Both teams were supposed to make the playoffs. The Chiefs won't and the Bengals are trying to get to .500 first Sunday. It is the son that has been a comfort to the father.
"He texted me before one game and said, 'I get so nervous before the games,' " Adam Zimmer says. "I told him, 'You've done everything you can do. You've practiced everything there is to practice, now go out and enjoy the game.' I told him to go relax. Go run a lap or something. Run the stadium stairs."
That's how they're different. Mike Zimmer takes misery to an art form.
"But he's always looking for the positive," Mike Zimmer says. "He'll say, 'you guys did that well and you guys played that well,' and I'm thinking about ways to fix it."
And they keep an eye on each other. Adam Zimmer has the NFL TV package at home and he makes sure he watches the Bengals, especially when they win.
"I always root for them when they're not playing us," Adam Zimmer says.
Mike Zimmer hears things. He doesn't have to brag about his kid. Others do. Not long ago a former Chiefs linebacker named Mike Vrabel who played for Adam Zimmer, sent word to Mike Zimmer via Bengals offensive assistant Brayden Coombs. Vrabel wanted Zimmer to know how much he thought of Adam as a coach and passed on his thoughts to fellow Ohio State assistant coach Kerry Coombs, Brayden's dad.
"It's always good to hear," Mike Zimmer says. "He works hard at it.
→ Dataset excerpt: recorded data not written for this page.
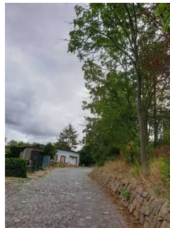
Parkplätze an der Strasse am Saalberg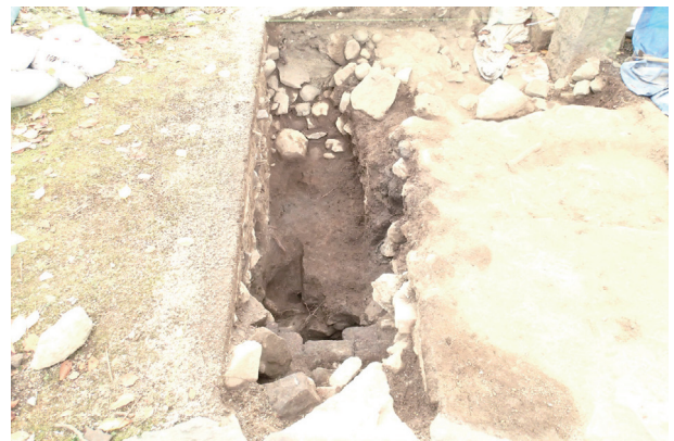
長塀トレンチ04 (H30年度調査)トレンチ完掘状況(北から)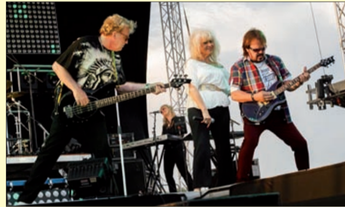
A zenei programok sorát a Neoton kezdte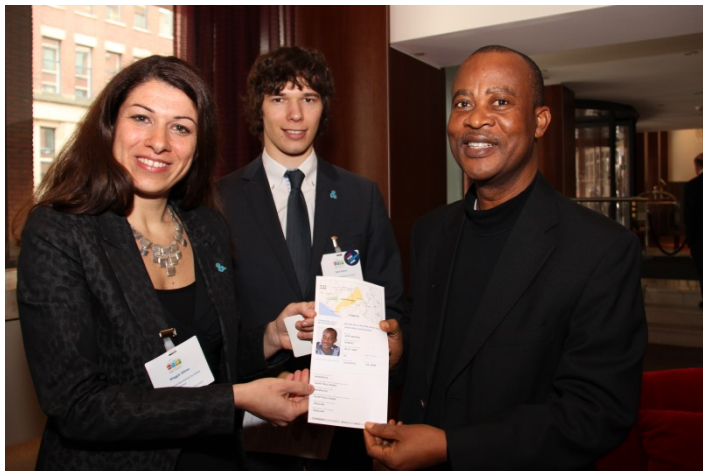
Samuel Kofi Woods - Ministre des travaux publics au Libéria

What's nice is that it's people coming up to you saying it."
Remember, when the Saints won the Super Bowl following that 2009 season of both pure happiness and devastating grief, New Orleans linebacker Scott Fujita credited the defense's young quality control coach. After the game Fujita swore that Zimmer had picked up enough of quarterback Peyton Manning's words off TV scouting that it helped them break some codes.
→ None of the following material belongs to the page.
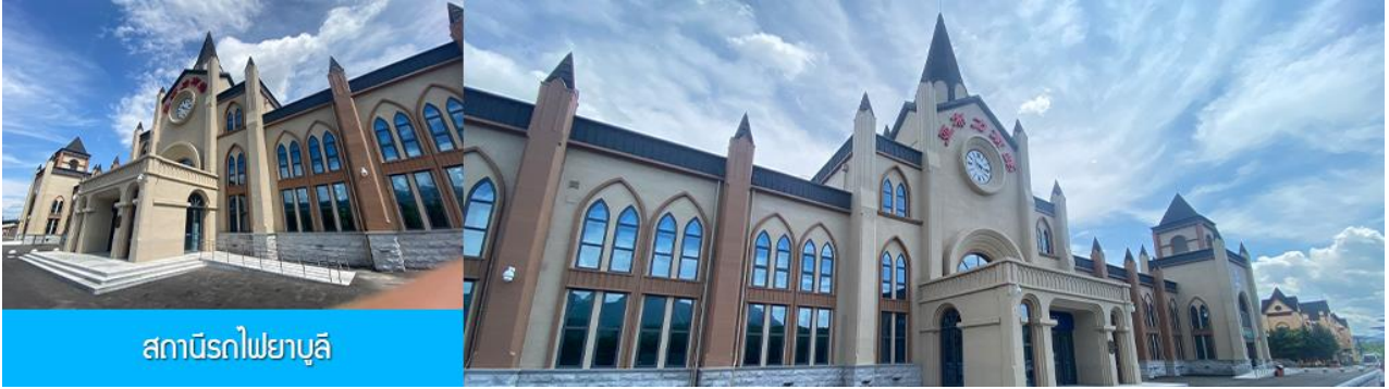
สถานีรถไฟยบูลี

นำท่านเที่ยวชม สถานีรถไฟยบูลี 亚布力南站 (ชมด้านนอก) ได้ชื่อว่าเป็นสถานีรถไฟที่สวยงามที่สุดของจีน โดดเด่นด้วยสถาปัตยกรรมแบบตะวันตก ให้ท่านเก็บภาพบรรยากาศความสวยงามของสถานีรถไฟที่ปัจจุบันยังคงเปิดให้บริการอยู่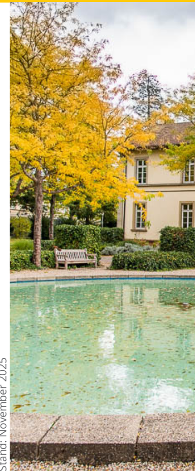
Stand: November 2025

"A lot of it was spot on," Fujita said that night. "You wonder during the week that you got these code words you hear about other teams from scouting and watching TV copies. But a lot of them were pretty accurate. We came out and we were calling out some of the plays on the field."
This is the first time the Zimmers have coached against each other in the regular season during Mike Zimmer's five seasons in Cincinnati. The last time their teams played each other was two months before Vikki died in the 2009 preseason. They went at it once each in 2006 and 2007 when Mike coordinated the Cowboys and Falcons, respectively.
But this is different. This is the first time without Vikki and it is here, where Zimmer's brother Bill lives and where Vikki's brother Bruce Black is joining them for dinner Saturday night, along with Adam's sister Corri.
This Saturday night is a rare night for two football guys during the season.
"Before our meetings, I'm going to be able to see Adam," Mike Zimmer says. "Then we're all going out to eat after meetings. It's nice."
It is rare if they don't text daily. But this is a lift for Adam.
"I haven't seen him since training camp," he says.
Adam Zimmer had a ritual when he was working in New Orleans. Every night he left the office he'd give Vikki a call.
"It never gets easier," Adam says."We know she's with us, watching over us, and hopefully she'll start letting one of us win a little bit."
Vikki Zimmer knew all the time. That could have been Mike or Adam talking before a game.